Administratieve organisatie en interne controle

XIV Uitgangspunten administratieve organisatie en interne controle

Artikel 14.  

Bij de treasuryfunctie gelden de volgende algemene uitgangspunten voor administratieve organisatie en interne controle.

  • 1.

    De verantwoordelijkheden en bevoegdheden van treasuryactiviteiten zijn op eenduidige wijze schriftelijk vastgelegd;

  • 2.

    Bevoegdheden zijn via delegatie en mandaat nader schriftelijk vastgelegd;

  • 3.

    Bij de uit te voeren treasuryactiviteiten is functiescheiding doorgevoerd met als belangrijkste voorwaarden:

    • a.

      iedere transactie wordt door minimaal twee functionarissen geautoriseerd (het vier-ogen-principe);

    • b.

      de uitvoering en de controle gebeurt door afzonderlijke functionarissen;

    • c.

      de uitvoering en de registratie in de financiële administratie gebeurt door afzonderlijke functionarissen.

  • 4.

    Tegenpartijen wordt opdracht gegeven de bevestigingen van iedere transactie te versturen naar de afdeling financiën & control zonder tussenkomst van de personen die bevoegd zijn tot het sluiten van de transacties;

  • 5.

    Een transactie wordt onmiddellijk geregistreerd door de functionaris die de transactie heeft afgesloten;

  • 6.

    Na ontvangst van de transactiebevestiging wordt de transactie gecontroleerd door de functionaris belast met de interne controle.

XV Verantwoordelijkheden

Artikel 15.  

De primaire verantwoordelijkheden voor de treasuryfunctie van de gemeente staan in onderstaande tabel gedefinieerd.

 

Functie

Verantwoordelijkheden

De gemeenteraad

 

 

· Het vaststellen van de beleidskaders in Verordening 212;

· Het vaststellen van de treasuryparagraaf in de begroting en de jaarrekening;

· Het evalueren en als gevolg daarvan (eventueel) bijstellen van het treasurybeleid

Het college van b&w

 

· Het vaststellen en uitvoeren van het treasurybeleid binnen de beleidskaders (formele verantwoordelijkheid);

· Het rapporteren aan de Gemeenteraad over de uitvoering van het treasurybeleid.

Het treasury comité:

- de wethouder financiën

- de directeur bedrijfsvoering

- het afdelingshoofd middelen

- de treasurer.

De taak van comité is om twee keer per jaar, of zoveel vaker als de marktomstandigheden daar aanleiding toe geven, overleg te voeren over de uitvoering van het treasurybeleid.
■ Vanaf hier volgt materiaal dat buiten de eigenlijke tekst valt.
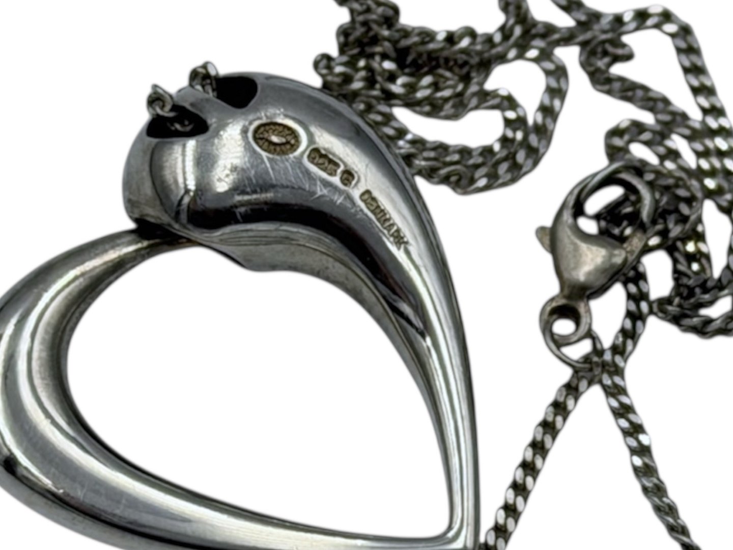 Georg Jensen sterling silver, Heart pendant and necklace.This was produced after 1945.

Met name over de volgende zaken:

· rapportages over uitvoering van het treasurybeleid in de voor- en najaarsnota;

· de inhoud van de treasuryparagraaf bij de begroting en jaarrekening;

· het rentebeleid;

· alle voor de uitvoering van het treasurybeleid relevant geachte zaken.

De concerncontroller

· Het toetsen van de uitvoering van de beleidskaders in het treasurystatuut;

 

· Het toezicht houden op het beschrijven en functioneren van de instrumenten, de administratieve organisatie en de interne controle voor de treasuryfunctie;

De directeur bedrijfsvoering en via mandaat het afdelingshoofd middelen

 

 

· Het bewaken van de kwaliteit en kwantiteit van het treasuryproduct;

· Het bewaken van de volledigheid en betrouwbaarheid van de informatievoorziening van de treasuryfunctie;

· Het zorgdragen voor het implementeren van de administratieve organisatie en interne controle van de treasuryfunctie;

De budgethouders

 

· Het zorgdragen voor het tijdig aanleveren van betrouwbare operationele informatie over toekomstige geldstromen aan het de afdeling administratie en informatie;

· Het fiatteren van betalingen en ontvangsten, ten laste c.q. ten gunste van hun budgetten.

 

Treasurer

 

 

 

 

 

 

· Het voorbereiden van beleidsvoorstellen en rapportages op treasurygebied;

· Het kennis nemen van de ontwikkelingen op de financiële markten;

· Het onderhouden van contacten met banken, geldmakelaars en overige financiële instellingen;

· Het opstellen en actualiseren van de liquiditeitsprognoses;

· Het aantrekken en uitzetten van gelden bij het saldo- en liquiditeitenbeheer;

· Het fiatteren van de overboeking van saldi tussen bankrekeningen.

· Het schriftelijk vastleggen van de treasurytransacties en doorgeven aan het team centrale administraties ;

De kassier algemene geldmiddelen

· Het feitelijk overboeken van saldi tussen bankrekeningen.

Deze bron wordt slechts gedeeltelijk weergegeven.